Which types of giving are associated with reduced mortality risk among older adults?
Introduction
Both prosocial behaviors and traits contribute to a multifaceted understanding of the health benefits of giving. Prosocial behaviors are defined as those that are intended to help others (Batson & Powell, 2003), and include various giving activities, such as volunteering, donating money, supporting friends, and caregiving for loved ones. Many studies have found a positive association between giving behaviors and health and well-being for givers (e.g. Brown et al., 2009; Brown, Nesse, Vinokur, & Smith, 2003; Dunn, Aknin, & Norton, 2014; Harris & Thoresen, 2005). Prosocial traits, such us empathy, compassion, or other-oriented concerns, are key motivators of prosocial behaviors (Konrath & Grynberg, 2013; Oveis, Horberg, & Keltner, 2010), including everyday behaviors like expressing warmth to others (Eisenberg & Miller, 1987) that might not be captured in measures of donating, volunteering, or caregiving. Unlike those more discrete prosocial behaviors, traits are less dependent on one's personal and social resources and are thus more likely to remain stable even in old age (Grühn, Rebucal, Diehl, Lumley, & Labouvie-Vief, 2008).
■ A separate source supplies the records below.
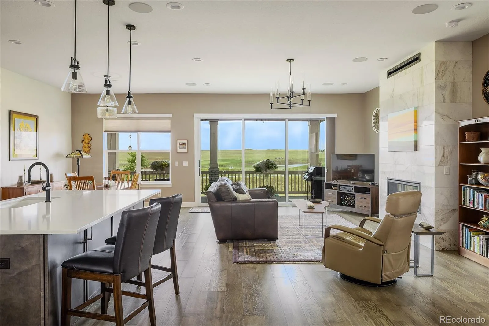 Discover your new home with stunning golf course, lake, & mountain views. This desired ranch-style home comes w/ maintenance-free living in a resort-style community. Situated away from the tee & the green on the 3rd hole of the Heron Lakes TPC golf course, you will enjoy the expansive views out the large windows & 3 panel sliding door. The open-concept design provides the perfect connection for the expanded kitchen, great room, large kitchen island & covered deck. A gas floor to ceiling fireplace & hardwood floors make this a comfortable place to spend your time. On this floor, you will find a spacious primary bedroom with two walk-in closets. Large bathroom with an ultra -shower, double vanity & water closet complete the ensuite. Down the hall, you will find an office (possible 5th bedroom), laundry room, full bathroom, and cozy bedroom with a view of the mountains. Head down the stairs to the garden level to find two large bedrooms w/ walk-in closets and large daylight windows. The rooms’ transom windows extend the natural light into the game room, entertainment area w/ fireplace, and bonus craft room/wet bar/possible kitchenette. Beyond these rooms, you will find the third bathroom & ample storage areas. Light oak wood flooring & custom cabinets create a wonderfully livable area. On the covered deck, you can enjoy the views of the golf course & “Newfound Lake” on Colorado’s warm summer evenings. The deck stairs will take you to the fenced yard & lead you out to the newly designed & installed xeriscape landscaping with bench to view the mountains. Weekly lawn care & winter snow shoveling are provided by the HOA. Enjoy all the amenities that come with owning a home at Heron Lakes. The beautiful clubhouse has two restaurants, a resort-style pool with a swim-up bar in the summer, a year-round state-of-the-art fitness center & miles of walking trails. Also available is membership to the Lone Tree Reservoir where you can boat, paddle, or swim during warmer months.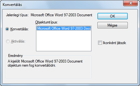 Az Objektumtípus területen megadott típusként nyitja meg a beágyazott objektumot, de a módosítás után visszatér az aktuális típushoz.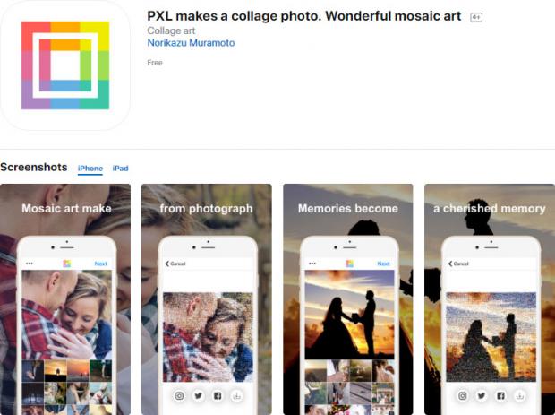 - PXL makes a collage photo. Wonderful mosaic art on the App Store (2,99 USD)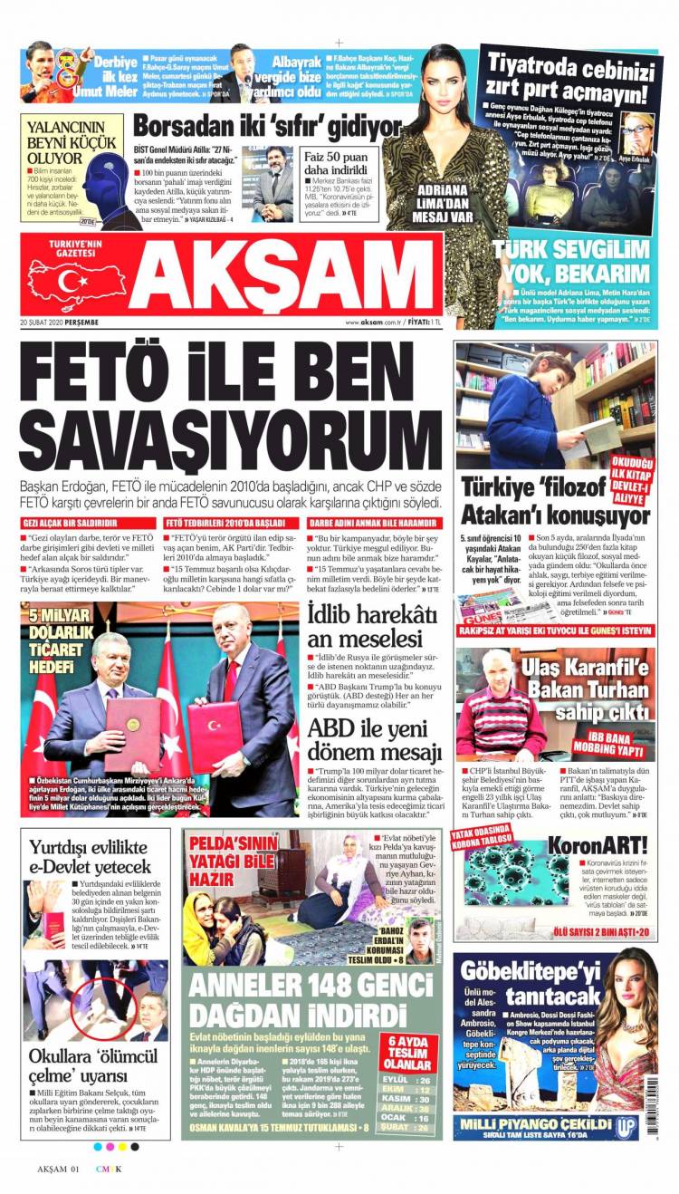 * Günün Ulusal Gazete Manşetleri – 20 02 2020Ulusal Gazetelerin 1. sayfaları Haber Merkezi Yayınlanma: 20.02.2020 - 11:50 Son güncellenme: 28.01.2025 - 23:32 Akşam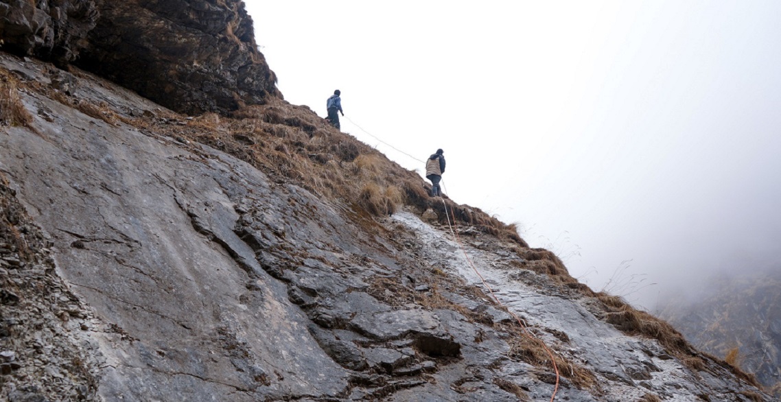 काठमाडौं ४ फागुन । म्याग्दीको रघुगङ्गा गाउँपालिका–७ मा रहेको धौलागिरि आधार शिविर पुग्न डोरीमा झुण्डीएर जोखिमपूर्ण यात्रा गर्नुपर्ने बाध्यता छ। कोखेभिर र धौलागिरि भ्यु प्वाइन्ट हिलमा जोखिम मोलेर अक्करे भिर पार गर्न डोरी र खरको गाँजको साहरा लिनुपर्छ। कोखेभिरमा ५० मिटर र धौलागिरि भ्यु प्वाइन्टमा ...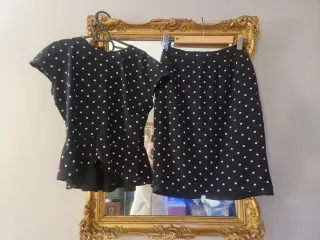 Conjunto de dos piezas presenta un diseño clásico de lunares blancos sobre fondo azul marino Una combinación atemporal que evoca un estilo retro muy elegante. Detalles de las Prendas Blusa: Es un top de manga corta tipo "cap" (manga casquillo) con un vuelo o volante en el bajo, lo que le da un toque femenino y fluido. Falda de corte recto o ligeramente evasé de largo midi, diseñada para ajustarse a la cintura y crear una silueta estilizada.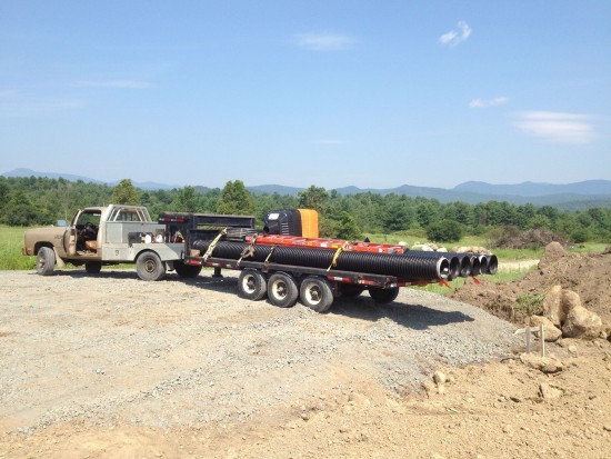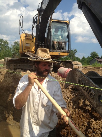 With the first batch of hay in we switched back to setting the foundation of the barn. With rented excavators (Chad drives excavators almost as well as he drives horses!) and lots of muscle power the farm crew powered through the four hottest days of the summer in the ditch to lay water and electric lines, and set, level, plumb, and back fill the foundation of our 100′ x 40′ pole barn.
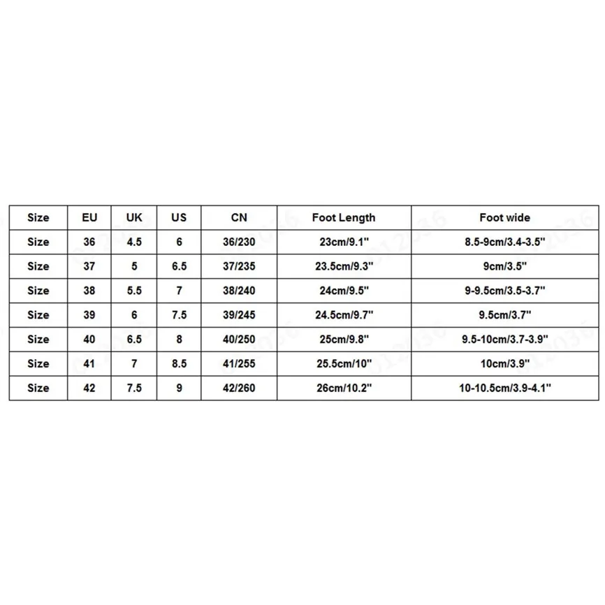 Посылка:1 пара женской обуви(Не включая коробку для обуви) Размер США Великобритания ЕС CN Длина стопы Широкая стопа 36 6 4 35,5 230 23 см/9,1" 8,5 см/3,4 дюйма 37 6,5-7 4,5 36 235 23,5 см/9,3 дюйма 8,5-9 см/3,4-3,5 дюйма 38 7,5 5 37 240 24 см/9,5 дюйма 9 см/3,5 дюйма 39 8 5,5 38 245 24,5 см/9,7 дюйма 9-9,5 см/3,5-3,7 дюйма 40 8,5 6 39 250 25 см/9,8 дюйма 9,5 см/3,7 дюйма 41 9 6,5 39,5 255 25,5 см/10" 9,5-10 см/3,7-3,9 дюйма 42 9,5-10 7 40 260 26 см/10,2 дюйма 10 см/3,9" Размер: 36 США: 6 Великобритания: 4 ЕС: 35,5 CN:230 Длина стопы: 23 см/9,1 дюйма Ширина стопы: 8,5 см/3,4 дюйма Размер: 37 США: 6,5-7 Великобритания: 4,5 ЕС: 36 CN:235 Длина стопы: 23,5 см/9,3 дюйма Ширина стопы: 8,5-9 см/3,4-3,5 дюйма Размер: 38 США: 7,5 Великобритания: 5 ЕС: 37 CN:240 Длина стопы: 24 см/9,5 дюйма Ширина стопы: 9 см/3,5 дюйма Размер: 39 США: 8 Великобритания: 5,5 ЕС: 38 CN:245 Длина стопы: 24,5 см/9,7 дюйма Ширина стопы: 9-9,5 см/3,5-3,7 дюйма Размер: 40 США: 8,5 Великобритания: 6 ЕС: 39 CN:250 Длина стопы: 25 см/9,8 дюйма Ширина стопы: 9,5 см/3,7 дюйма Размер: 41 США: 9 Великобритания: 6,5 ЕС: 39,5 CN:255 Длина стопы: 25,5 см/10 дюймов Ширина стопы: 9,5-10 см/3,7-3,9 дюйма Размер: 42 США: 9,5-10 Великобритания: 7 ЕС: 40 CN:260 Длина стопы: 26 см/10,2 дюйма Ширина стопы: 10 см/3,9 дюйма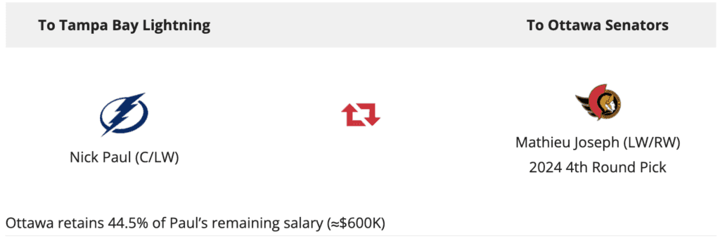 The Tampa Bay Lightning acquired forward Nick Paul from the Ottawa Senators Sunday, Daily Faceoff’s Frank Seravalli reported, in a move further loading Tampa up for the playoffs. Seravalli reported the return is forward Mathieu Joseph and a fourth-round pick.

Therefore, it is meaningful to consider the health implications of prosocial traits separately from those of prosocial behaviors, particularly among the elderly. Prior research has found that prosocial traits are also associated with positive physical and psychological outcomes (e.g., Ho, Konrath, Brown, & Swain, 2014; Kahana, Bhatta, Lovegreen, Kahana, & Midlarsky, 2013).
However, very few papers have examined the health associations of different giving behaviors and traits simultaneously within a single study. People often engage in more than one giving act. Does volunteering, for example, still significantly predict health outcomes when other giving behaviors are controlled for? Is it better or worse for one's health to volunteer for nonprofits, compared with giving money to family or charities, supporting friends, or caregiving for loved ones? Is simply seeing oneself as a giving person associated with better health outcomes? When considering next steps for research, or when designing low-cost interventions to improve the health of older adults, it would be helpful to know which prosocial activities are most influential.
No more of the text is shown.